AI Potential in Credit Industry
AI credit scoring is cheaper, faster and more accurate than traditional methods as it is automated, based on a larger pool of data and has rules that are more sophisticated and complex. Furthermore, it is not subject to human bias* as all analyses are carried out by a computer based on inputted data. As AI can interpret unstructured data (text, audio, image, video, location etc.), this increases and diversifies the variety of data that can be used to determine how credit-worthy someone is. But how is this achieved?
*Machine learning bias is a hot-topic issue in many industries. Machines assess reality and adjust their behaviors based on predictions from past experiences. In this respect, there is a thin line between “bias” and “intelligence”.
As previously explained, AI technology is programmed to uncover patterns. For example, profiles with the same traditional credit score plus a similar behavior in internet activity, social media or eCommerce transactions, could be clustered together. If a negative behavior pattern is recognized with their repayments, then this precise digital footprint and traditional credit score combination could be considered as a negative influence for future applications.
Whereas the traditional system would not be able to consider this risk factor as it only looks at the credit score. This is especially useful for people who don’t have much credit history, yet have a digital footprint. Their unstructured data could be correlated with patterns of positive repayment behaviors, meaning that their chances of receiving credit would be higher.
As AI technology is specialized in labelling data and finding patterns, anomalies are also easily detected. When it comes to the credit industry, anomalies mean fraudulent behavior. Furthermore, due to AI’s advanced technology, predictive analytics can be leveraged to prevent fraud from happening in the first place. Such an abundance of data is created, meaning that AI technology is able to extract these insights. Whereas a human taskforce wouldn’t have the ‘processing power’, or time for such large analyses.
One worrying factor to consider is the exponential growth in cyber-attacks. It has been reported that hackers are also using AI algorithms in their cyber-crimes… This is where we come to a standpoint, fighting fire with fire. If more attention isn’t paid into cyber-security, then the credit industry’s sensitive info could be left vulnerable.
AI Startups in the Credit Industry
Upstart has a founding team of ex-Googlers. They leverage AI and Machine learning to obtain Credit scores based on additional variables. For students they base their analysis upon their future potential, instead of just their past. They consider factors such as education, employment and income when approving loans. You don’t need to have any credit history, however, a minimum wage of $12k and a low credit score of at least 620 is required. It could be argued that an analysis team could sift through this data, meaning the AI tech wouldn’t be needed. On the other hand, it is more time and cost efficient to automate the process, plus more accurate.
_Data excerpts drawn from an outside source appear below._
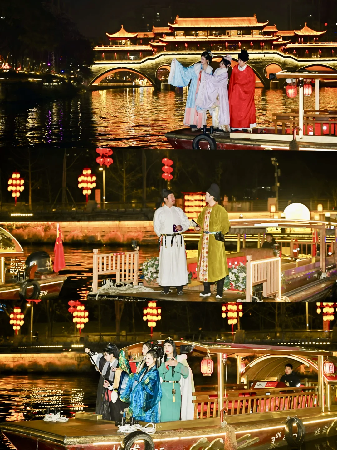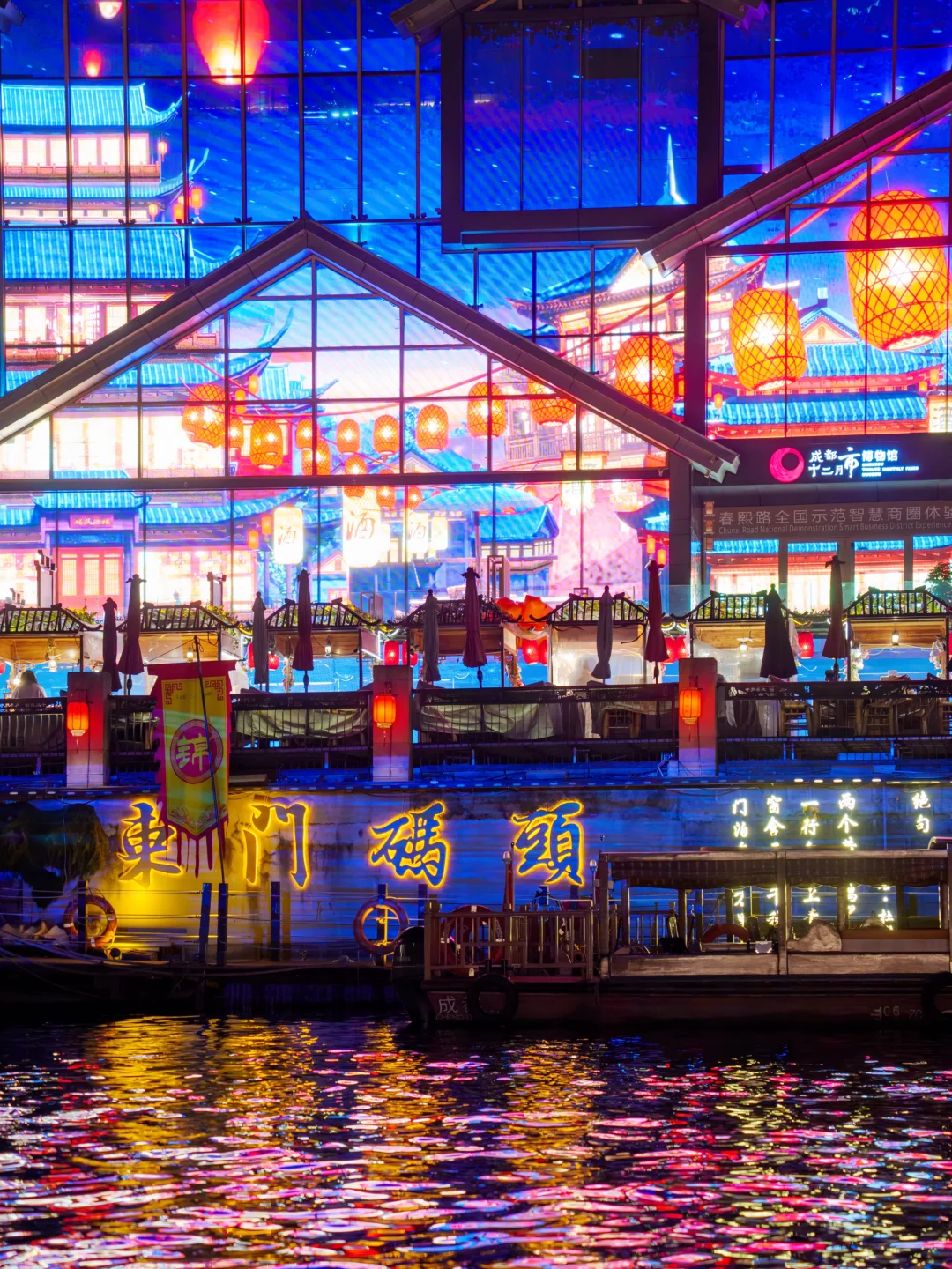 乘坐游船两岸的灯光与水面倒影交相辉映,还有沉浸式的水岸演绎,这浪漫的氛围让人着迷。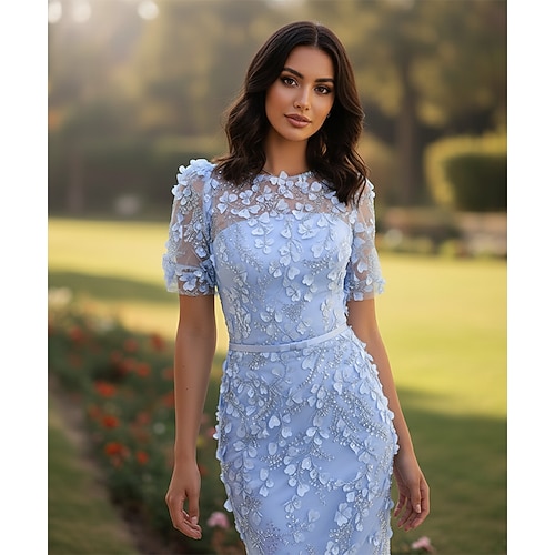 Tubino Colonna Lunghezza Tè Abiti da Cocktail Abito da Sera Abiti da festa Elegante Scintillante Stile Celebrità Manica Corta Girocollo Festa in giardino Matrimonio Pizzo con Perline Applicazioni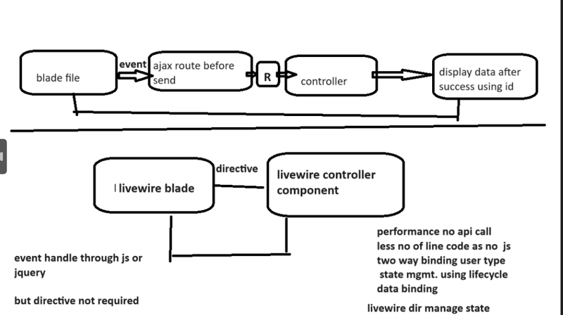 here are 14 differences between Laravel and Laravel Livewire along with examples: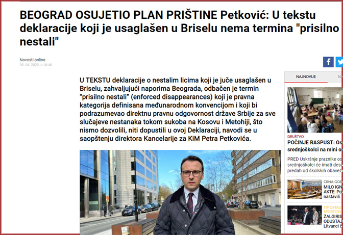 Председник Комисије за нестале Владе Косова Андин Хоти огласио се поводом договореног текста Декларације о несталима, на јучерашњој рунди дијалога у Бриселу, наводећи „да ће Србија морати да отвори архиву и презентује тајна документа о присилно несталим лицима“.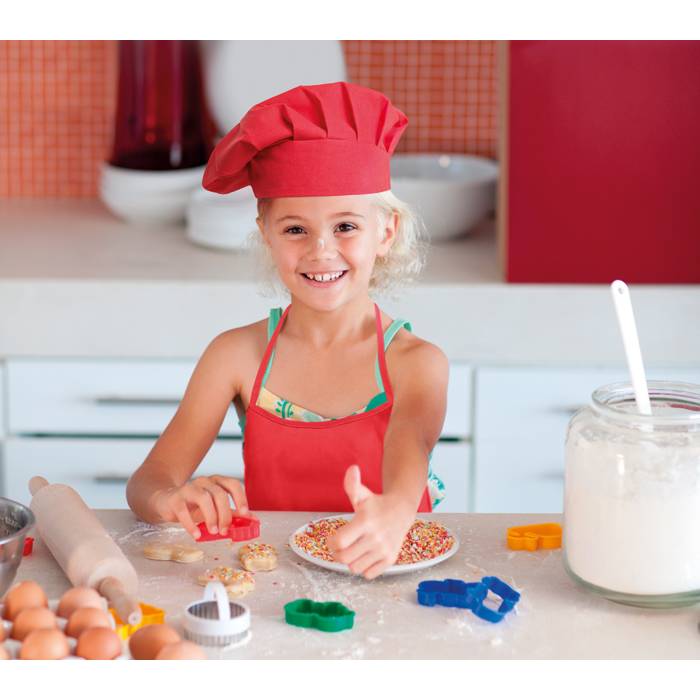Children’s kitchen set. Chef hat and apron in 180 gr/m2 cotton material.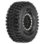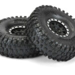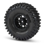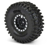 The future of 1.9″ Tire Performance has arrived with Pro-Line’s Hyrax 1.9″ Predator Tire mounted to Impulse Black/Silver Wheels! Designed for maximum grip on the toughest terrain, the Hyrax tire is ready for anything your Scale Adventure might throw at you. The Hyrax features an aggressive and open tread pattern with each tread block containing multiple sipes for incredible tread flex. The highly detailed connected tread on the sidewall of the Hyrax extends out for unmatched side-hilling performance. The Hyrax also features futuristic stepped tread blocks that create even more forward gripping edges that dig into slick rock like no other scale tire Pro-Line has produced to date! The Hyrax is made from Pro-Line’s Super Soft Predator material, so you know it provides the maximum performance possible.

One startup aggressively using advanced machine learning to comb through vast sources of alternative data to predict an individual’s creditworthiness is Lenddo. Lenddo’s mission is to improve financial inclusion. They do this with LenddoScore, which is a patented scoring method which combines traditional underwriting with additional unstructured data. Lenddo claims that their system has allowed their partners to approve up to 50 percent more applications.
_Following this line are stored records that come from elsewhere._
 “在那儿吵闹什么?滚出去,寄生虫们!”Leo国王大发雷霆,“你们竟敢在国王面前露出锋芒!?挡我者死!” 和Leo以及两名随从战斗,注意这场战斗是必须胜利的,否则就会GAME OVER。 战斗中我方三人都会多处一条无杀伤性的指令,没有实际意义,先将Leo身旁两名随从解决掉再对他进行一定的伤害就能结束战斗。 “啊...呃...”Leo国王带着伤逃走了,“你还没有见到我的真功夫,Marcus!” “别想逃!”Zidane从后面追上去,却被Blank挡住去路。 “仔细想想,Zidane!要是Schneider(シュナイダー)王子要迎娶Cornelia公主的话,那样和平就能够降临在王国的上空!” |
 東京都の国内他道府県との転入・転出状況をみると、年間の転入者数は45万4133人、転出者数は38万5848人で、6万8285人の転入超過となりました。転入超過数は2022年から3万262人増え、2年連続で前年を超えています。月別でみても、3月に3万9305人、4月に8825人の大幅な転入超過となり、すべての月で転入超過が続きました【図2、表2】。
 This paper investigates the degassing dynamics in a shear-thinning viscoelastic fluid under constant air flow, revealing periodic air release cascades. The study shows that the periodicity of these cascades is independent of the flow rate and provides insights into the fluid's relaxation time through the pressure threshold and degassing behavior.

Lenddo does an analysis on a potential applicants’ digital footprint via their smartphone. They claim to have over 12,000 variables. Lenddo leverages big data via: social networks, browser histories, E-commerce transactions, geolocation data and other smartphone info. The AI algorithm crunches this data and churns out predictive features, producing a credit score as the final product.
Lenddo state that they do not share personal data with lenders. They only share the final result (credit score) of their analysis to protect individuals’ privacy. Furthermore, personal data is only taken with the users’ consent.